Late Night Jokes for July 25, 2014

  • Crocodile Dundee actor Paul Hogan has filed for divorce with his wife.  They had a dispute after Hogan brought his wife on their anniversary to a romantic candlelit-dinner at the Outback Steakhouse.
  • Speaking of failed relationships, Israel and Gaza have issued a 12-hour cease-fire in recognition of the Sabbath on Friday and Saturday nights.  Because if there’s one thing both sides can agree on, it’s the freakin’ weekend!
  • Bose is suing Beats by Dre over noise-cancelling technology.  Although the legal paperwork has been filed, Beats’ CEO Dr.
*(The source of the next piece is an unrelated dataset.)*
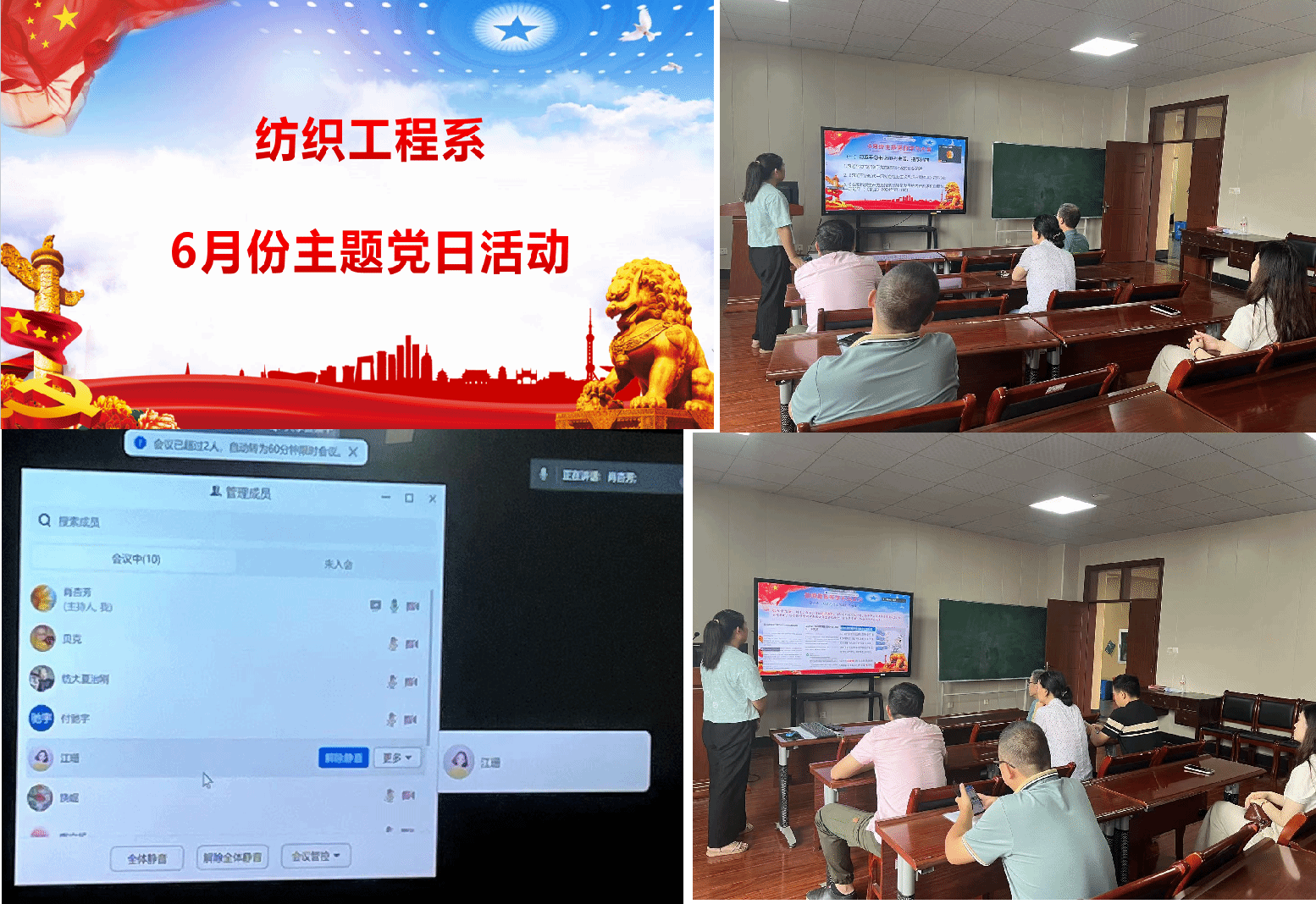 为了不断提升党员的政治素养和道德品质,增强法律意识和纪律观念,严格自我要求和约束,树立良好的形象和口碑。6月20日上午,国产直播 非织支部在国产直播 学生一站式服务中心以“坚定理想信念,永葆党员本色”为核心主题开展主题党课。支部书记吴童玲老师通过身边师生生动的故事、鲜活的案例和朴实的语言,讲述纺大党员遵规守纪、奋进新征程、建功新时代的故事。希望大家能学习他们坚守初心、对党忠诚的政治品格,立足岗位、尽忠职守的使命担当以及奋勇拼搏为人先,...

Dre has yet to respond formally.  He just keeps nodding his head.
  • Microsoft has laid off 13,000 workers.  Apparently all of our grandparents who need tech support in using Microsoft Word are all dying off.
  • This week, Buzz Aldrin celebrated 45 years since landing on the Moon.  And to celebrate, the retired Apollo astronaut spent 45 minutes sitting on the toilet.
  • North Korea has filed a U.N. complaint about the comedy film, ‘The Interview’, claiming it’s fake and misleading.  If the complaint works out, several sub-Saharan African countries are going to file a class-action lawsuit against the movie “The Lion King”.
  • Weird Al Yankovic is #1 on the Billboard charts for the first time ever in his career.  Unfortunately he parodied Pharrell Williams’ “Happy”, so once again, nobody’s a winner.
  • President Obama visited Los Angeles for a series of fundraisers this week.  But due to the secret service-mandated street closures around the vicinity, nobody could make it to the fundraiser in time to meet the President.
  • A Pittsburgh man used a video-game gun to thwart off a burglar.  The bugler was an animated Nintendo Duck.
  • California has imposed unprecedented conservation rules to address the severe drought this summer.  In other news, the Governor of California is starting a health initiative called the “Dehydration Weight Loss Diet”.